高齢者では、副作用が現れやすいので、少量から投与を開始するなど患者の状態を観察しながら慎重に投与する。

(妊婦・産婦・授乳婦等への投与)

  1. 出産予定日12週以内の妊婦には投与しない[妊娠期間延長、動脈管早期閉鎖、子宮収縮抑制、分娩時出血増加につながる恐れがある。海外での大規模な疫学調査では、妊娠中のアスピリン服用と先天異常児出産の因果関係は否定的であるが、長期連用した場合は、母体の貧血、産前産後出血、分娩時間延長、難産、死産、新生児の体重減少・死亡などの危険が高くなる恐れを否定できないとの報告がある。また、ヒトで妊娠末期に投与された患者及びその新生児に出血異常が現れたとの報告があり、更に、妊娠末期のラットに投与した実験で、弱い胎仔動脈管収縮が報告されている]。

  2. 妊婦(但し出産予定日12週以内の妊婦は除く)又は妊娠している可能性のある婦人には、治療上の有益性が危険性を上回ると判断される場合にのみ投与する[動物実験(ラット)で催奇形性作用が現れたとの報告があり、妊娠期間延長、過期産につながる恐れがある]。

  3. 授乳中の婦人には本剤投与中は授乳を避けさせる[母乳中へ移行することが報告されている]。

(小児等への投与)

  1. 解熱・鎮痛及び抗炎症剤として用いる場合:低出生体重児、新生児、乳児、幼児又は小児には副作用の発現に特に注意し、必要最小限の使用にとどめるなど慎重に投与する[小児等に対する安全性は確立していない]。

  2. 小児等では、副作用が現れやすいので、患者の状態を観察しながら慎重に投与する。

    川崎病の小児等の治療において、肝機能障害の報告があるので適宜肝機能検査を行い、注意する。

  3. 15歳未満の水痘、15歳未満のインフルエンザの患者に投与しないことを原則とするが、やむを得ず投与する場合には、慎重に投与し、投与後の患者の状態を十分に観察する。

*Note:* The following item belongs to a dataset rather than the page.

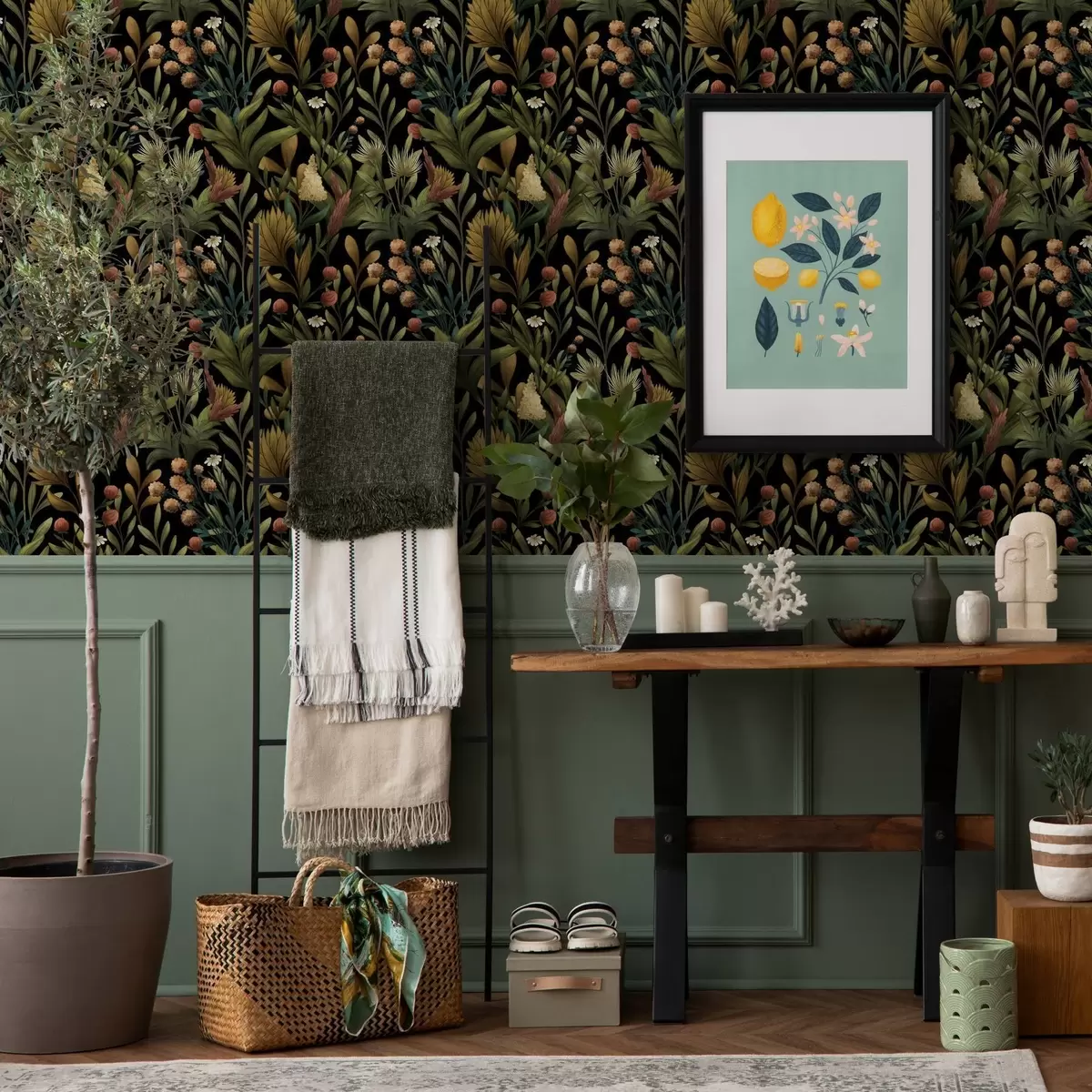Papel pintado Jardín botánico sobre fondo negro, cálida paleta otoñal Nr. a00619

  4. 本剤投与中の15歳未満の川崎病の患者が水痘、インフルエンザを発症した場合には、投与を中断することを原則とするが、やむを得ず投与を継続する場合には、慎重に投与し、投与後の患者の状態を十分に観察する。

(過量投与)

  1. 過量投与時の徴候と症状:耳鳴、眩暈、頭痛、悪心・嘔吐、消化管出血・消化管潰瘍、難聴、軽度の頻呼吸等の初期症状から血中濃度の上昇に伴い、重度過呼吸、呼吸性アルカローシス、代謝性アシドーシス等の酸塩基平衡障害、痙攣、昏睡等の中枢神経系障害、心血管虚脱、呼吸不全等が認められる。

  2. 過量投与時の処置:催吐、胃洗浄を行い、その上で活性炭や下剤を投与し、ブドウ糖輸液などにより体液と電解質のバランスの維持を図る。過量投与時の小児の高熱には、スポンジ浴を行う。過量投与時、炭酸水素ナトリウムの静脈注射などによりアシドーシスを補正すると共に尿のアルカリ化を図る(重篤な場合、血液透析、腹膜灌流などを考慮する)。

(適用上の注意)

服用時:本剤は空腹時の投与は避けることが望ましい。

(その他の注意)

  1. In vitroの試験において、アスピリン等のグルクロン酸抱合により代謝される薬剤が抗ウイルス剤(ジドブジン)のグルクロン酸抱合を阻害したとの報告がある。

  2. 非ステロイド性消炎鎮痛剤を長期間投与されている女性において一時的不妊が認められたとの報告がある。

(取扱上の注意)

  1. 本剤は吸湿によって脱アセチル化がおこり、この際生じる酢酸が更に変化を促進するので、乾燥をよほど厳密にしないとびん等気密容器にたくわえることはかえってよくない。

  2. 湿った空気中で徐々に分解するので注意する。